It is not enough merely for an appellant to point to or identify an error in the judgment of a trial court. The legal position is that not every slip or error will result in the judgment in question being upset. For an error or a slip or mistake to so result or to have that effect, it must be substantial in the sense that it affected the decision appealed against. See Ezeoke v. Nwagbo, (1988) 1 NWLR (Pt. 72) 616; Mora v. Nwalusi, (1962) 2 SCNLR 73(1962) 1 All NLR 681; and Udeze v. Chidebe, (1990) 1NWLR (Pt. 125) 141. Further, where the complaint of an appellant is about errors of law or misdirection, the success of the grounds of appeal alone is not sufficient to warrant the reversal of the decision unless the errors of law or misdirection affected the judgment in a way which is crucial to the decision. See Ayoola v. Adebayo & Ors., (1969) 1 All NLR 159. The foregoing principles apply with equal force to the alleged remark by the learned trial Judge that a counter-claim was necessary to disprove the existence of the respondent. The following was the view of the court below on that aspect of the matter:-

“In the result even though the learned Judge was in error in his opinion that a counter-claim was necessary to disprove the existence of the plaintiff, it is clear that the statement of defence had not put such existence in issue.”

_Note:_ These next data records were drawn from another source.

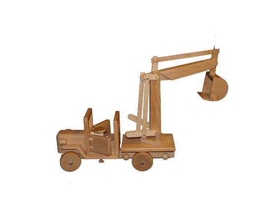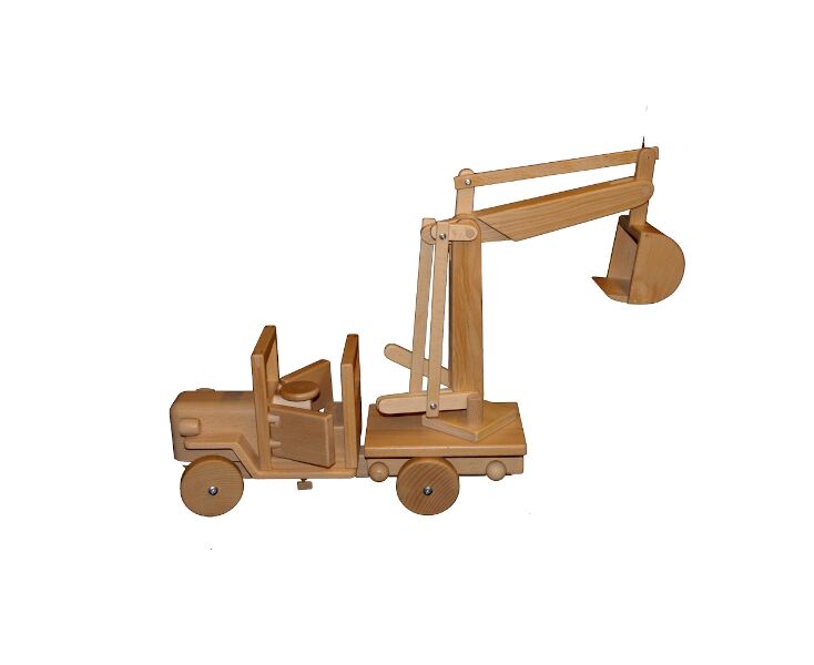 Stabiler, selbst hergestellter Holz-LKW aus Buchenholz; der Bagger is voll funktionsfähig und kann mit den drei Steuerhebeln wie ein großer Bagger gesteuert werden.Die Aufsätze können gewechselt werden, so dass Sie jeden LKW mit unterschiedlichen Aufsätzen versehen können.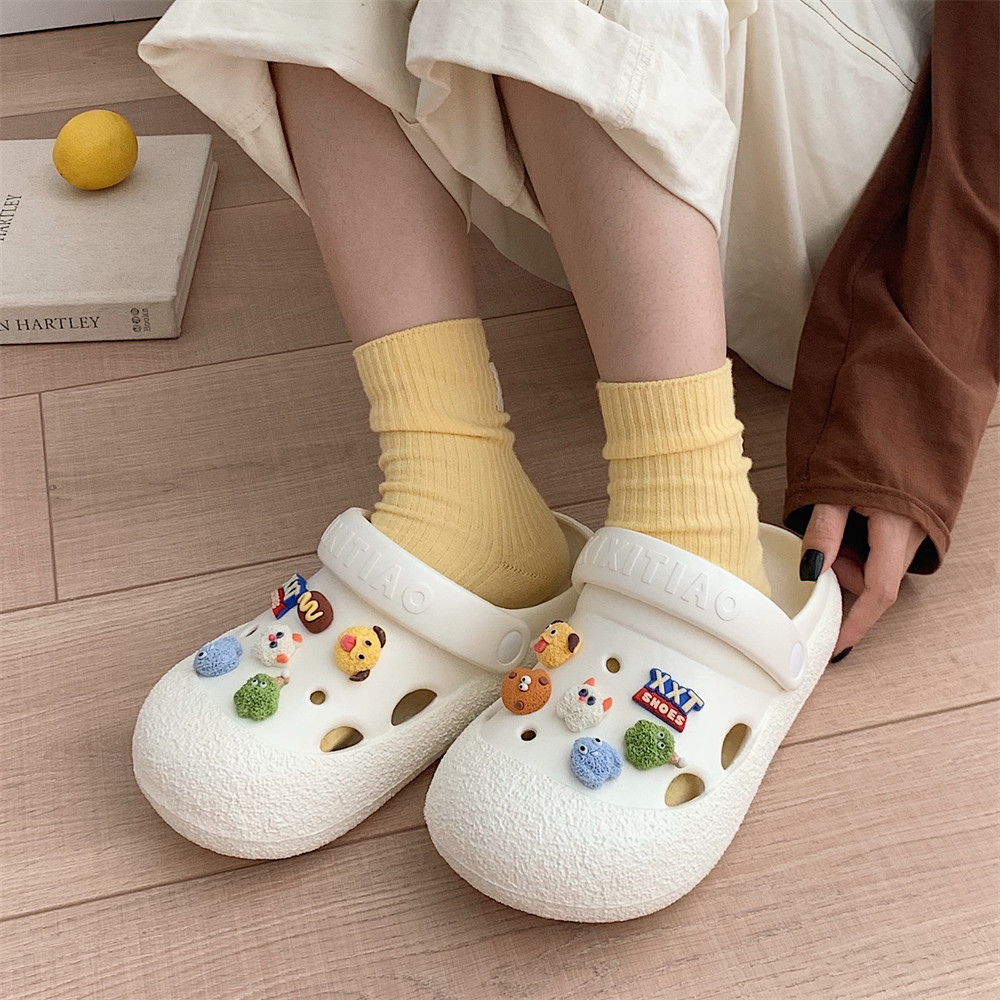 休闲沙滩凉拖鞋 细细条 户外防滑时尚 夏季 女 搞怪卡通小怪兽洞洞鞋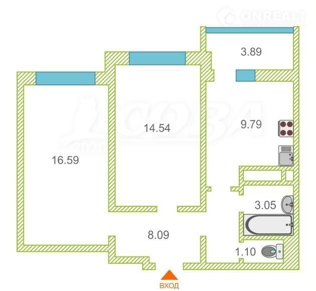 Общая площадь 53.5 м2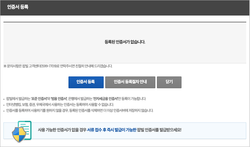 [공인인증서 등록 팝업창]

The court below was right in identifying the crux of this matter. It was of the view that it was whether there was anything left in the pleading of the appellant after the issue of illegality had been disposed of, that could be regarded as an answer to the respondent’s claim. The court below was also right in holding that the answer to the question was in the negative. The thing was that the statement of defence of the appellant was defective because it gave as the reason for alleging that the appellant did not owe the respondent any amount, the issue of the alleged illegality of the transaction which had been raised as a preliminary objection and decided against the appellant.

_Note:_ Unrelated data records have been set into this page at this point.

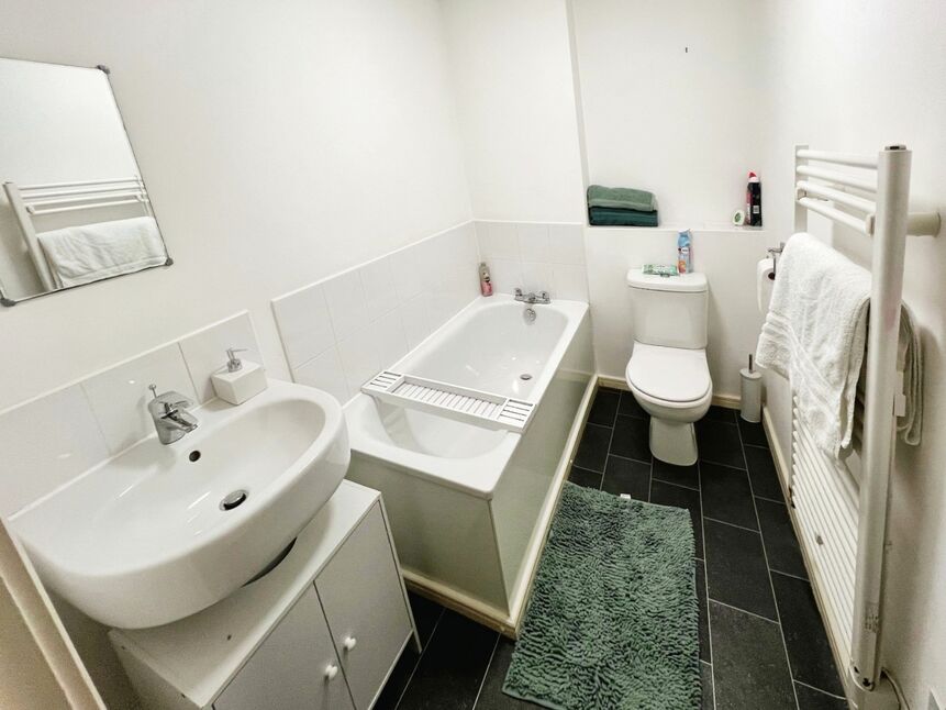 The two double bedrooms provide comfortable living spaces, with the main bedroom benefitting from an en-suite bathroom. Both bathrooms are elegantly designed, with the first bathroom featuring a heated towel rail and the second bathroom offering a spacious layout along with a heated towel rail.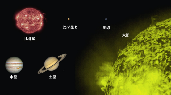 位于半人马座的南门二是距离我们最近的恒星系统,它由3颗恒星组成,距离我们约4.2光年。其中质量最小的一颗名为比邻星,它是一颗红矮星,质量和直径分别只有太阳的1/8和1/7。在这颗暗弱的恒星周围已经发现了3颗系外行星,其中比邻星b恰好位于比邻星的宜居带内,其质量和半径分别约是地球的1.2倍和1.3倍,它的公转轨道半径只相当于日地距离的1/20,每11.2天围绕比邻星公转一周,表面温度约-39℃。在距离我们最近的恒星旁边竟然就存在着一颗大小和地球相近,且位于宜居带内的系外行星,这无疑是令人兴奋的。不过以现有的技术,要想飞到这颗行星附近尚需要数十万年。图为比邻星及比邻星b与太阳系内部分天体大小对比。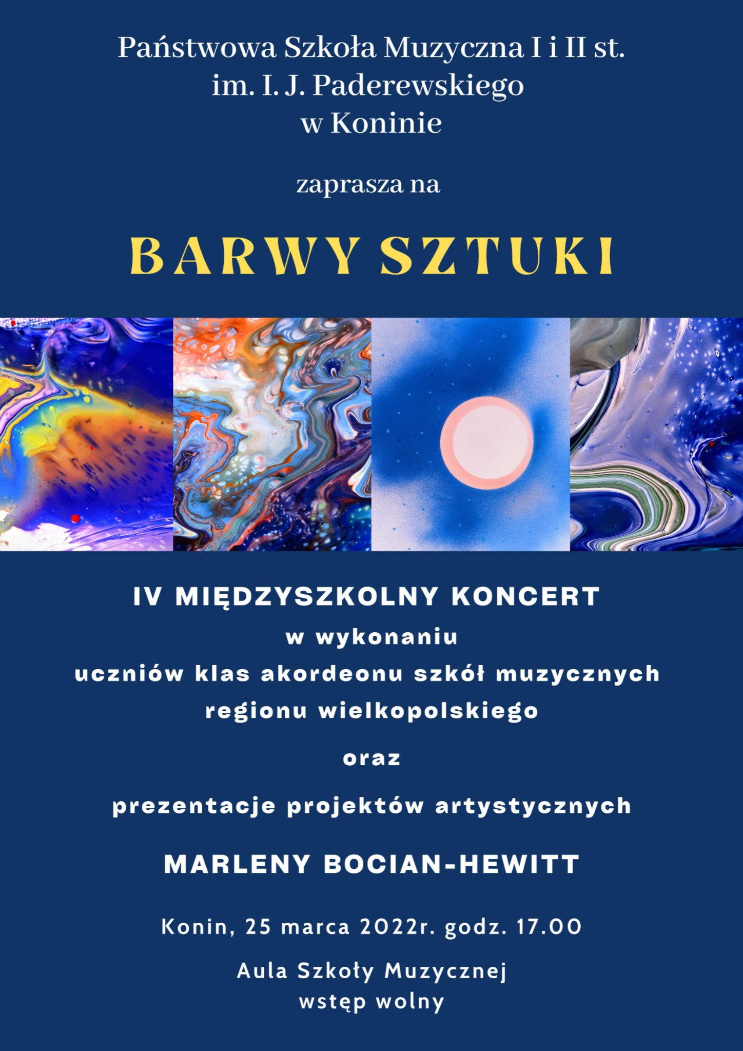 25 marca w naszej szkole odbyła się IV już edycja Międzyszkolnego Koncertu pod nazwą „Barwy Sztuki”. Połączenie malarstwa i muzyki po raz kolejny okazało się być dowodem jak doskonale sztuki te wpływają na siebie, uzupełniają i wzajemnie współgrają. Pan Dyrektor Krzysztof Pydyński przypomniał inicjatorkę tych spotkań, Urszulę Rusin, pedagoga PSM w Koninie, artystkę o wielu talentach, która odeszła przedwcześnie w październiku 2021 r.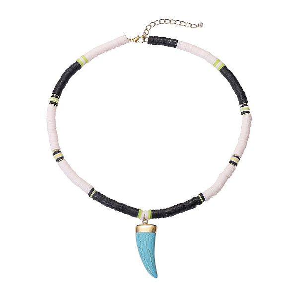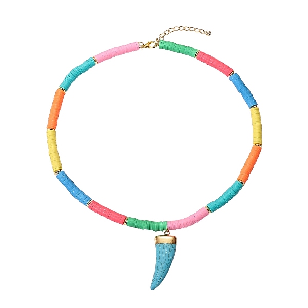PandaHall Handmade Polymer Clay Heishi Beads Pendant Necklaces, with Brass Beads, Synthetic Turquoise Pendants and Alloy Lobster Claw Clasps... Price: $11.53 | PandaHall

The statement of defence also attempted to show, without success, that the respondent was no longer in existence. The affidavit in support of the notice of intention to defend the suit should contain enough facts and particulars to satisfy a reasonable tribunal to remove the case from the undefended list. Where the affidavit in support of the notice of intention to defend discloses no defence, the case should not be in the general cause list. Even if a statement of defence is filed, a plaintiff can still apply for summary judgment if the statement discloses no defence. See Macaulay v. NAL Merchant Bank Ltd., (1990) 4 NWLR (Pt. 144)283. The appeal lacks merit. The judgment of the court below is affirmed.

The appeal is accordingly dismissed with N1,000.00 costs to the respondent.